══ Supplied data ══
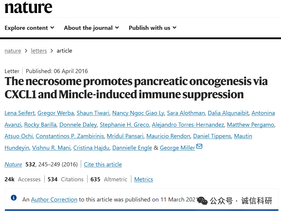 [3]诚信科研通过筛库,发现2016年4月6日,纽约大学医学院George Miller团队在Nature 杂志上发表题为“The necrosome promotes pancreatic oncogenesis via CXCL1 and Mincle-induced immune suppression” 的研究文章(2021年3月11日更正过一次),文章内涉嫌3对图片重复使用。截至到2025年8月7日,该文章已经被引用534次。
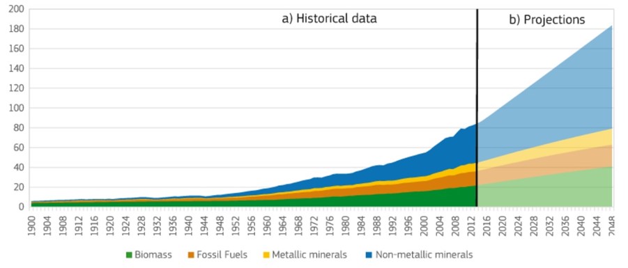 Dato che l’attuale andamento di estrazione delle risorse del nostro pianeta risulta insostenibile (negli ultimi 30 anni abbiamo consumato 1/3 delle risorse della Terra), in quanto consumiamo materie prime più di quelle che possiamo utilizzare a una velocità maggiore della loro stessa rigenerazione (figura 1), l’economia circolare può essere la chiave per riuscire a ridurre il nostro impatto ambientale sul pianeta.
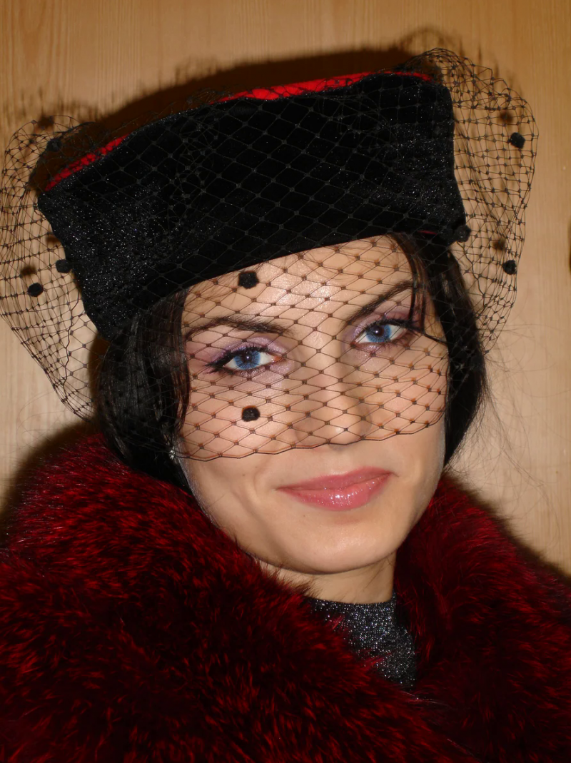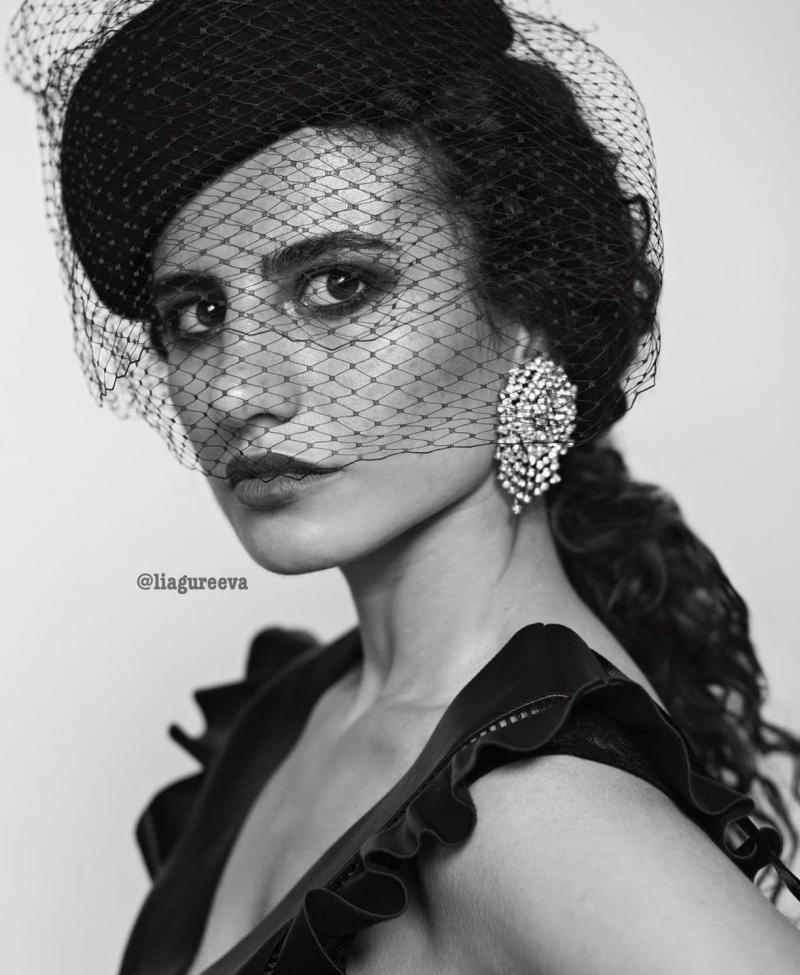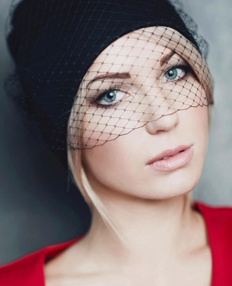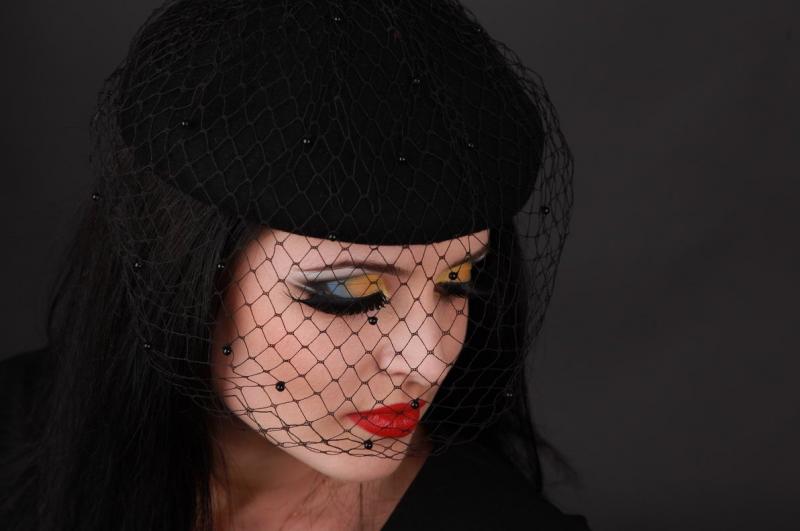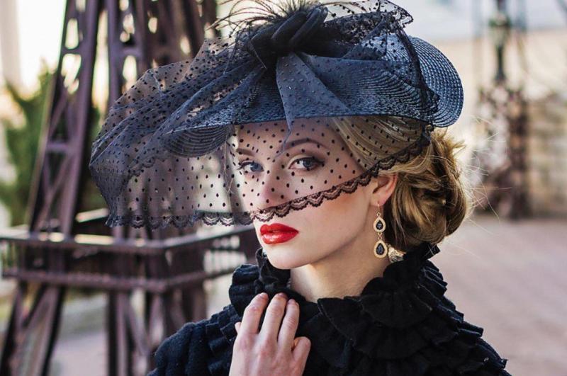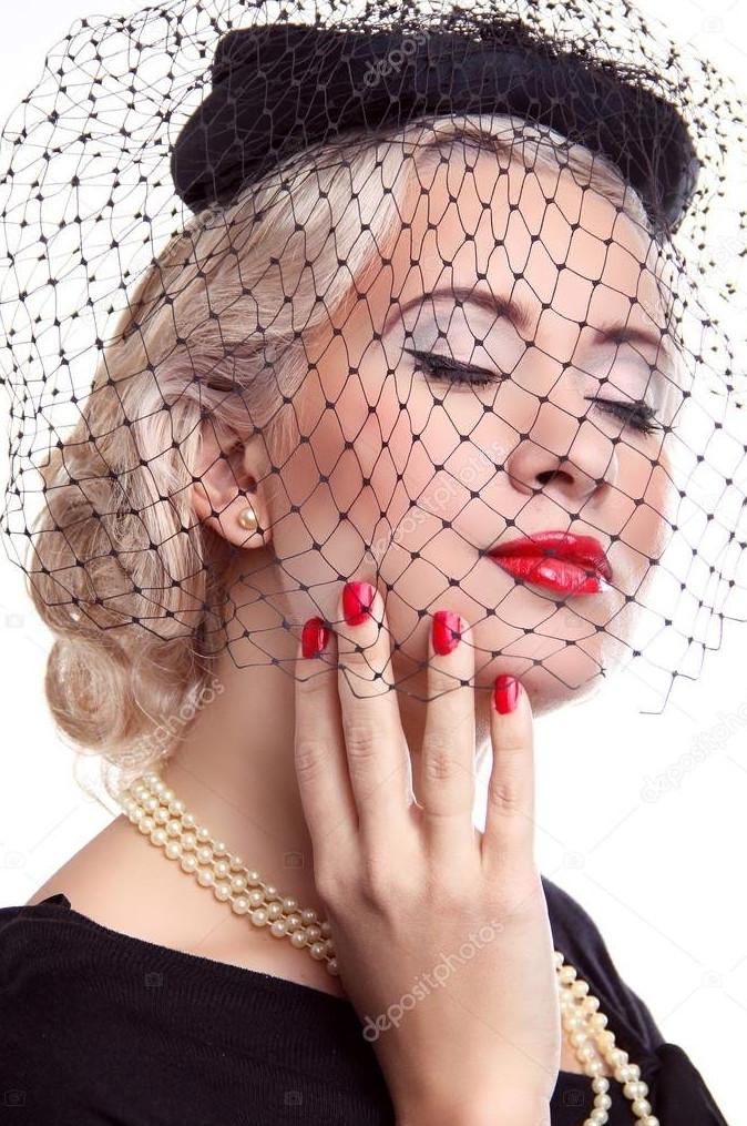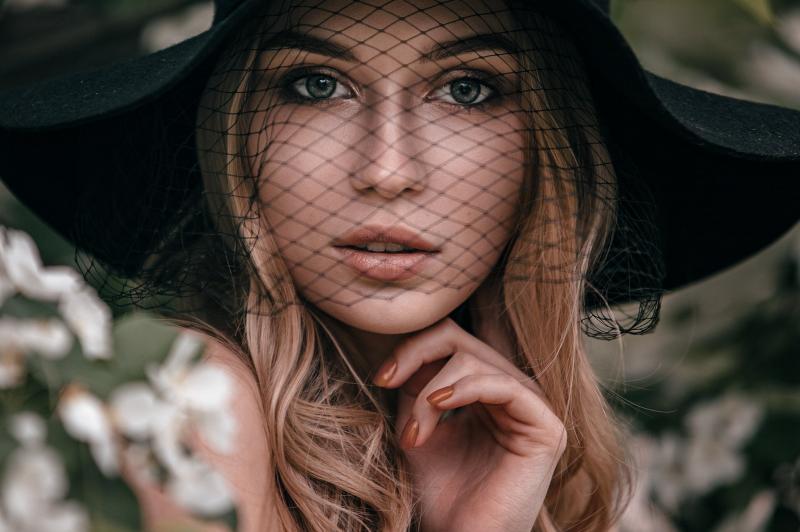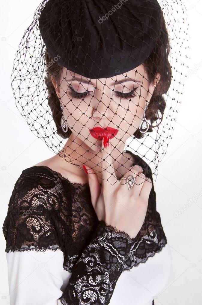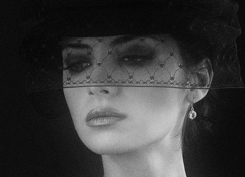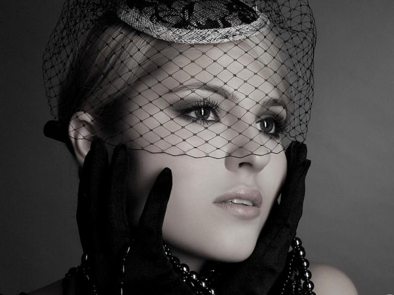 Девушка красотка в шапке черно белоснежное фото с вуалью
═══
• [Try it]: Nothing but the pictures is to be left out; the rest of the listing should be copied exactly.

• [Exercise answer]:
 [3]诚信科研通过筛库,发现2016年4月6日,纽约大学医学院George Miller团队在Nature 杂志上发表题为“The necrosome promotes pancreatic oncogenesis via CXCL1 and Mincle-induced immune suppression” 的研究文章(2021年3月11日更正过一次),文章内涉嫌3对图片重复使用。截至到2025年8月7日,该文章已经被引用534次。
 Dato che l’attuale andamento di estrazione delle risorse del nostro pianeta risulta insostenibile (negli ultimi 30 anni abbiamo consumato 1/3 delle risorse della Terra), in quanto consumiamo materie prime più di quelle che possiamo utilizzare a una velocità maggiore della loro stessa rigenerazione (figura 1), l’economia circolare può essere la chiave per riuscire a ridurre il nostro impatto ambientale sul pianeta.
 Девушка красотка в шапке черно белоснежное фото с вуалью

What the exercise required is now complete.